John Ford Coley (born October 13, 1948) is an American singer, classically trained pianist, guitarist, actor, and author most known for his partnership in the musical duo England Dan & John Ford Coley.

Early life
Coley was born John Edward Colley in Dallas, Texas, United States. He grew up listening to the Grand Ole Opry, early rock and roll, singing church hymns and was trained as a classical pianist. At 16, while at W. W. Samuell High School in Dallas, Coley, along with schoolmate Dan Seals, joined the group Theze Few, which later became Southwest F.O.B. and toured the Texas music scene where they had one hit, "The Smell of Incense", which in 1969 rose to number 43 on the charts. This band played on the bill with Led Zeppelin and other acts.
 
While in the band, Seals and Coley began their own acoustic act, Colley and Wayland. The act was renamed England Dan & John Ford Coley, and the duo was signed by A&M Records. In 1971, the two moved to Los Angeles where they opened for numerous bands. Their first break came in 1972 with the song "Simone". It became a number one hit in Japan and was popular in France. However, "Simone" did not fare as well in the United States, and the two were released from their contract with A&M after three albums.

Signing to Atlantic Records
Two years later, they acquired another record deal from Atlantic Records subsidiary Big Tree Records and released the song "I'd Really Love to See You Tonight". Overall they had four top-ten hits and two top-twenty hits.

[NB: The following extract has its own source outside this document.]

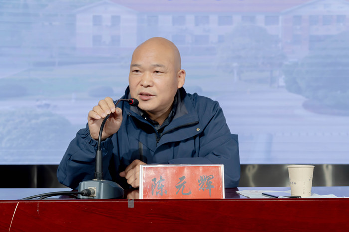 陈元辉代表凤阳县教师进修学校对新入职教师进入新的岗位表示祝贺,希望新入职教师提高认识,尽快转变角色,面对新形势下教育教学的新特点和新任务,要加强学习研究,扎扎实实提高自身的教学能力和教学水平。

They were nominated for a Grammy Award, received triple-platinum and gold records and released eight albums; additionally, other recordings were released abroad.

The duo disbanded in 1980.

After the 1980s
Coley formed another group that released an album on A&M Records: Leslie, Kelly and John Ford Coley (featuring sisters Leslie and Kelly Bulkin). He acted in teen films in the 1980s, acquired a small ranch in the 1990s, and wrote songs for film and television. He returned to touring in 1996. Coley plays with groups and artists including Ambrosia and Terry Sylvester (formerly of The Hollies), Three Dog Night, Lou Gramm (of Foreigner), Christopher Cross, Poco, Stephen Bishop, Al Stewart, Edgar Winter and others.

In 1996, Coley made a trip south for Tin Pan South and began making trips to Nashville to be part of the music community. He moved his family and horses across country to Tennessee in 1999. While in Tennessee, Coley, once a Baháʼí, converted back to Christianity. Coley continues to perform internationally.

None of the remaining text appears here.